4. Preparar un molde de inyección de agarosa al 1% con los carriles de la anchura de los embriones en la etapa de la célula.
5. El día antes de la inyección, creado jaulas de apareamiento que separa el macho de las hembras.
6. En el día de la inyección, tire agujas capilar mediante un extractor de micropipeta para preparar la inyección.

2. La inyección del ARNm

1. En el día de la inyección, descongelar una alícuota de ARNm memGFP 1μg/μl en el hielo.
2. Diluir el ARNm de 1:5 en agua a una concentración final de 200ng/μl, y mantener en hielo.
3. La carga de la aguja capilar con 1μl de ARNm memGFP preparados en 200ng/μl.
4. Lugar cargado de aguja en un micromanipulador conectado a un microinyector gas.
5. Ajustar el volumen de inyección de 1NL.
6. Tire de los separadores de la pesca de tipo salvaje establecido en las jaulas de apareamiento del día anterior.
7. Recoger los embriones tan pronto como se ponen. Orientarlos en el molde de inyección de agarosa cubierta por medio de embriones (Westerfield, 1995) con la única célula en el lado opuesto de la micromanipulador.
8. Inyectar a través del corion y la yema de tal manera que el ARNm es depositado directamente en la célula. Inyectar aproximadamente 50 embriones por experimento. No se inyecte, si la célula se ha dividido.
9. Embriones se incuban a 28 ° C durante la noche en medio de embriones

3. Montaje de imágenes y embriones

1. Para montar la imagen y los embriones, retire el corion con las pinzas de los embriones en un estereomicroscopio una hora antes del punto en el tiempo de interés.
2. Prepare una diapositiva para montar hasta cuatro embriones.
   • Utilice grasa de silicona para sellar al vacío un cubreobjetos en la parte inferior de una diapositiva de plástico especialmente diseñada 2mm de espesor con un agujero de aproximadamente 1 cm de diámetro.
   • Llenar el agujero en la diapositiva con el 0,7% de agarosa, y se deja reposar unos 20 minutos o hasta que se endurece
   • Una vez que la agarosa se ha solidificado, retirar un pequeño tapón con 200μl puntas de las pipetas para formar un agujero cilíndrico en el que se montará cada embrión.
3. Colocar los embriones en la diapositiva llena de agarosa con un microscopio de disección. Añadir 50μl de tricaína (Westerfield, 1995) para anestesiar a los embriones.
4. El uso de fórceps para colocar los embriones en los agujeros cilíndricos en la agarosa con el cerebro o la región de interés sobre el cubreobjetos subyacente.
5. Cubrir los embriones en la agarosa con otro portaobjetos asegurado con grasa de vacío de silicona.
6. Imagen del embrión utilizando un invertido, fluorescentes, de escaneo láser o girando microscopio confocal de disco. Imagen de 63x o superior para obtener imágenes de alta resolución de las células individuales dentro de la neuroepithelium.
7. Las imágenes se exportan como archivos TIFF del software LSM y se analizaron usando Photoshop.

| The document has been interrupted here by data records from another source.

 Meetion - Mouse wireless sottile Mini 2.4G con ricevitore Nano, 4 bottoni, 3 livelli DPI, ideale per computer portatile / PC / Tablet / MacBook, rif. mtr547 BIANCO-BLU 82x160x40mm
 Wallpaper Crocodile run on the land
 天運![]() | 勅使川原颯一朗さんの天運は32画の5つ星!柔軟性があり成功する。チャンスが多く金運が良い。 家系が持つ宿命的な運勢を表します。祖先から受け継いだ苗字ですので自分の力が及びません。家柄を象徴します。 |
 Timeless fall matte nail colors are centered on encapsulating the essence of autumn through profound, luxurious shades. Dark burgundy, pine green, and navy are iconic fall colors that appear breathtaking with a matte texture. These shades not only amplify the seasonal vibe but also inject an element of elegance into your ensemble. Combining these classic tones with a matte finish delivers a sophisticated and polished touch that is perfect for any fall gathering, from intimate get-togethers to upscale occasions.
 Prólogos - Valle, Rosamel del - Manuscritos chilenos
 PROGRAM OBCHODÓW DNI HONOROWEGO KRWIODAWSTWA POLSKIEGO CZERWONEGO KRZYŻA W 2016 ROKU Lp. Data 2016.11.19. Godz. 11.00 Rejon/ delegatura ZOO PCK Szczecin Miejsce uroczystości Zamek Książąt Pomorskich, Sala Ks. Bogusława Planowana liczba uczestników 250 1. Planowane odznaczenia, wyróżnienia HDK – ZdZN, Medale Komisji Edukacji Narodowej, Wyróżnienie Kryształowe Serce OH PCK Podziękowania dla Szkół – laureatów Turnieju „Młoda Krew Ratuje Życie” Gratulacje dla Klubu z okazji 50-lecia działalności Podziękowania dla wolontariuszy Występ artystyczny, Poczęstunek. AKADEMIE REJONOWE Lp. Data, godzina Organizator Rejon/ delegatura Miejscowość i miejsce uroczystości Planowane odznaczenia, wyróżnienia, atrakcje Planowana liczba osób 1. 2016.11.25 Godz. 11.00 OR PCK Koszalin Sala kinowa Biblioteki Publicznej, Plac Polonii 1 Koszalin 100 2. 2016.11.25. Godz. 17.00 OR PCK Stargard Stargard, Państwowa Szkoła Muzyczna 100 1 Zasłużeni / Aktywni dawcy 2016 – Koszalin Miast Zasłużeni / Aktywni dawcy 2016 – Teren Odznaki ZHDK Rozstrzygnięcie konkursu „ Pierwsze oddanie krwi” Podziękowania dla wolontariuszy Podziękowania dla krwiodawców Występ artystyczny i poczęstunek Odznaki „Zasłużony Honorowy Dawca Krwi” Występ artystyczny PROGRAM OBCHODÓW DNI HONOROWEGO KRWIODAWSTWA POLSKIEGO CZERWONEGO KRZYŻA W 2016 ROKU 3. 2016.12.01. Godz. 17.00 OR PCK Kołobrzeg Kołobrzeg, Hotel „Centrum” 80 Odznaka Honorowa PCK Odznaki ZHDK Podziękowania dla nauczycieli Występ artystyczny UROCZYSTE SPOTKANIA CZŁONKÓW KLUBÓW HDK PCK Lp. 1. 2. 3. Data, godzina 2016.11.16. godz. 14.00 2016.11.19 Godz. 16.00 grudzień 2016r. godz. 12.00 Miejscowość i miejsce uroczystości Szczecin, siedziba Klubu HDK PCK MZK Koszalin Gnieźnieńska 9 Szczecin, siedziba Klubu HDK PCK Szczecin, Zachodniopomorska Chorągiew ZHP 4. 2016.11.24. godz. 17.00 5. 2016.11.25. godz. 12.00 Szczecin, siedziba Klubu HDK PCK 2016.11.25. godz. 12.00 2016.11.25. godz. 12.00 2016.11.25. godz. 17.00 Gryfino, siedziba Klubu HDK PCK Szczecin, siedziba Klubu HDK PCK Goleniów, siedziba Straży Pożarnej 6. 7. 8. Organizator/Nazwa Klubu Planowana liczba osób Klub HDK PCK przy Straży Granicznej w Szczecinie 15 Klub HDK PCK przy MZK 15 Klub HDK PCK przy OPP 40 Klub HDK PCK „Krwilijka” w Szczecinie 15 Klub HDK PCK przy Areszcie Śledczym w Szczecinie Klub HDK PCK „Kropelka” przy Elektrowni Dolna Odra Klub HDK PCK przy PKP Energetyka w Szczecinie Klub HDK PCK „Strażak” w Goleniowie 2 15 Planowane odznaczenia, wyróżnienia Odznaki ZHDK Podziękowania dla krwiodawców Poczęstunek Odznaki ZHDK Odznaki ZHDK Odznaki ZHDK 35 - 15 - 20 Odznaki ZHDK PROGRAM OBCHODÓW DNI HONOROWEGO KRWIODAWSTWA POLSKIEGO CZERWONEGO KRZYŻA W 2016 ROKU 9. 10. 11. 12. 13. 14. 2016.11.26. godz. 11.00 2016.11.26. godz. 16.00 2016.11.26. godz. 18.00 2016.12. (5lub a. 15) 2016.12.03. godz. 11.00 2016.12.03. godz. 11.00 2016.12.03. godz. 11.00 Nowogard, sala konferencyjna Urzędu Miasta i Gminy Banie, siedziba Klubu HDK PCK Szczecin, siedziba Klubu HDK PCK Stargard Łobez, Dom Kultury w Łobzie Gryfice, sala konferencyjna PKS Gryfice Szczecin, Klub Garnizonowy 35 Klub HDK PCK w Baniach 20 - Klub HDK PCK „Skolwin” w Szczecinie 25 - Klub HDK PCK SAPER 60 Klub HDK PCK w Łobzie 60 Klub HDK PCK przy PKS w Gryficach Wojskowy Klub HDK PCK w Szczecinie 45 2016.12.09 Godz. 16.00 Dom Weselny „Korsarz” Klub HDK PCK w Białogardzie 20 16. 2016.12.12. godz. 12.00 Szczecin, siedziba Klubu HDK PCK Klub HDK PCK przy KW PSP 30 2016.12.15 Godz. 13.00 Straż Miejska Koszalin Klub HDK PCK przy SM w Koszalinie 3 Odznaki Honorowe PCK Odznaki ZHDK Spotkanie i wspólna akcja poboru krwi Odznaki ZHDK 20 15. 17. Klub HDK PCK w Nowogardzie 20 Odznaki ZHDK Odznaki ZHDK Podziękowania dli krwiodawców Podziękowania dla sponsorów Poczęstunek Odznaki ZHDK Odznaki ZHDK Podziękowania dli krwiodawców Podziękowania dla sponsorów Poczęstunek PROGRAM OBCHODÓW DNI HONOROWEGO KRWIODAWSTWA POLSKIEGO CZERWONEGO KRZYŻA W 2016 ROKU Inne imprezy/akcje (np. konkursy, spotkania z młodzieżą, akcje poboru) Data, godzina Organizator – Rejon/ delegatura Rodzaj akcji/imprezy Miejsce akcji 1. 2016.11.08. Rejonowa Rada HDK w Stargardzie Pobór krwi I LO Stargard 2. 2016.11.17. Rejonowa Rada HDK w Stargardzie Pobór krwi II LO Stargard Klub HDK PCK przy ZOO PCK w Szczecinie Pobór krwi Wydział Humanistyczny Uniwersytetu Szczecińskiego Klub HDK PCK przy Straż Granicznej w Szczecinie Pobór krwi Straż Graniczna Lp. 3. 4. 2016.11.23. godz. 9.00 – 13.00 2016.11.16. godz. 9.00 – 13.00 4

4. Resultados representante / Resultados

Muestra en la Figura 1 es una imagen representativa confocal de un pez cebra neuroepitelio 24 HPF entre el cerebro medio y los ventrículos del cerebro posterior. Cada célula está marcada con GFP unido a la membrana.

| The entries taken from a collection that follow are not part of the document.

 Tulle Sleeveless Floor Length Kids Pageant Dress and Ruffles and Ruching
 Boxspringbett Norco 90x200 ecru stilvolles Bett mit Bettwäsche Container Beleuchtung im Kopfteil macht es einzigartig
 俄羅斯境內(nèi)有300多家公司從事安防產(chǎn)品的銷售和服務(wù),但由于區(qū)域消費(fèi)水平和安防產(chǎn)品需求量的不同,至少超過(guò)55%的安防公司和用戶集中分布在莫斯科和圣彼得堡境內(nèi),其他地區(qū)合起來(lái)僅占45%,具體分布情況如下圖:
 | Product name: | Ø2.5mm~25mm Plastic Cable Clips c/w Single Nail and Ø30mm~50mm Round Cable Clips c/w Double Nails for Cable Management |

Figura 1. Imagen confocal en vivo de una inyección de 24 memGFP embrión de pez cebra HPF.
(A) neuroepitelio de un embrión de 24 HPF con cada celda se indica por las buenas prácticas agrarias. Zona visualizada separa los ventrículos del cerebro medio y cerebro posterior (M, H, respectivamente), que forma el límite posterior del cerebro cerebro medio.

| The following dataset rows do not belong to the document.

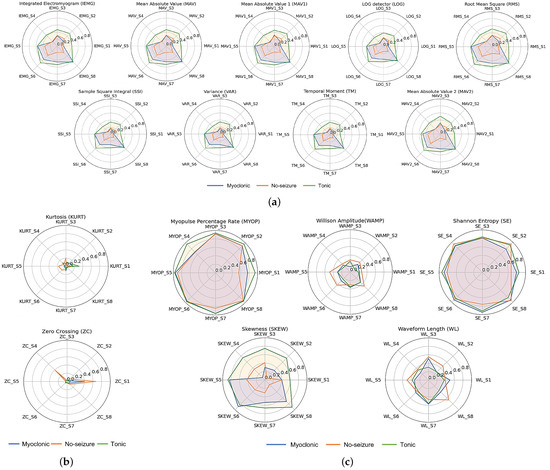 The first plot in Figure 6a presents the Integrated EMG feature and the impact of this feature to classify epileptic movements. Each axis presents a sensor (IEMG1, IEMG2, ⋯, IEMG8). From this figure, we can identify which sensor can better contribute to the classification of the movements. For example, for the IEMG plot IEMG_S5 and IEMG_S8 have almost the same value for myoclonic and tonic seizure and therefore, they cannot contribute to differentiate between tonic and myoclonic seizure movements. On the other hand, IEMG_S6 show big differences between myoclonic seizure, tonic seizure, and no-seizure and can contribute well for seizure classification. By interpreting the different extracted features, Figure 6a shows that the radar plots of the IEMG, MAV, MAV1, MAV2, RMS, VAR, TM, LOG, and SSI present redundant information that could be a time-consuming process when training a machine learning or deep learning model because the input to the model depends on the number of extracted features. Also, this mutual information can increase the complexity of a developed classifier. Figure 6b presents the radar plots of the normalized irrelevant features: Kurtosis (KURT) and Zero Crossing (ZC) features. The radar chart of the KURT and the ZC highlights irrelevant information, which means that these features can not distinguish between myoclonic, tonic, and no-seizure movements. As a result, the Kurtosis and Zero Crossing features should be removed. Figure 6c presents the radar plots of the normalized relevant features: WAMP, MYOP, SE, SKEW, and WL. These features can distinguish tonic, myoclonic, and no-seizure activities based on the difference in action potential between the three epileptic movements.
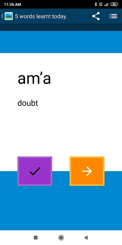 All words 'learnt' are tested repeatedly thereafter, on a basis of decreasing regularity, if answered correctly, as you gain familiarity with the said word. Vice versa, if incorrectly answered, the app will adjust to test you more on the word, or 'deactivate' it, while you learn other words meanwhile.
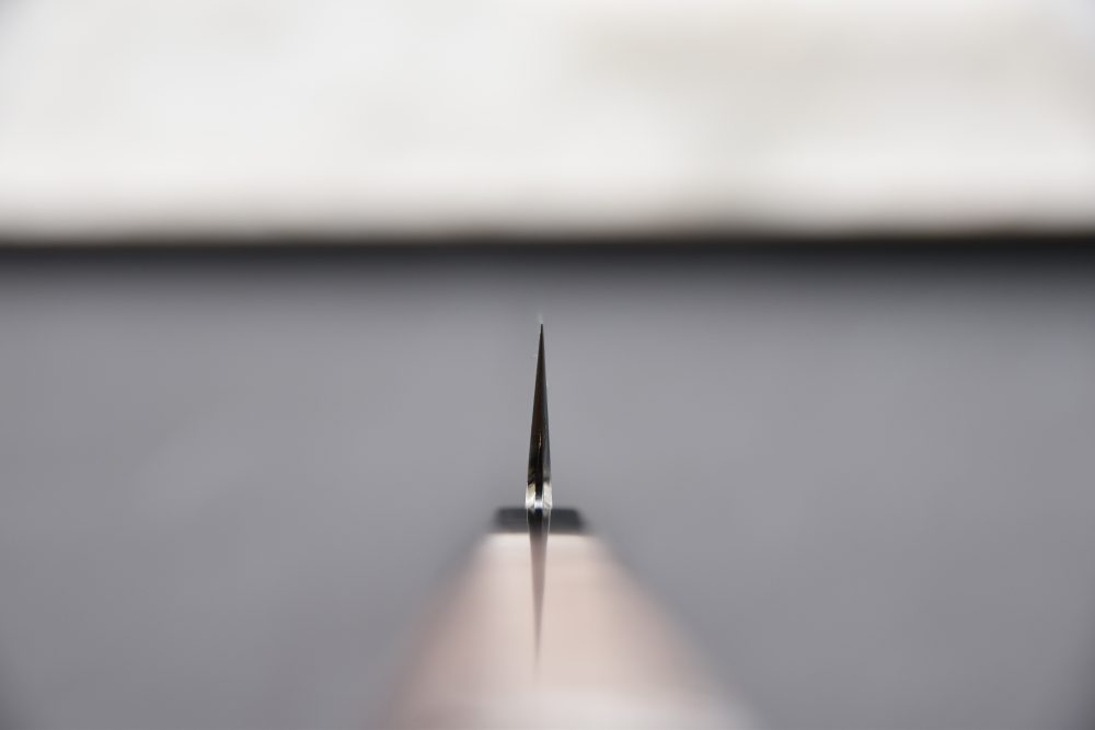 Myojin est un affûteur incroyablement talentueux et possède plus de 10 ans d’expérience dans l’industrie des couteaux. Pendant ce temps, il a également suivi une formation de forgeron, ce qui, selon lui, l’aide à mieux comprendre l’aiguisage.

En este vídeo, se demuestra un método para la inyección de ARNm en una sola célula de embriones de pez cebra. En este sentido, el uso de ARNm que codifica una membrana GFP dirigida a la etiqueta de cada célula. A continuación se muestra cómo montar y la imagen del cerebro en desarrollo con una resolución única célula. Esta técnica nos ha permitido estudiar un nuevo tipo de cambio en las células forma, constricción basal, necesario para la formación de la frontera del cerebro medio-hindbrain (Gutzman et al, 2008). Un análisis similar de otros fenómenos tiene el potencial para expandir significativamente nuestra comprensión de la morfogénesis de los vertebrados y la biología celular subyacente.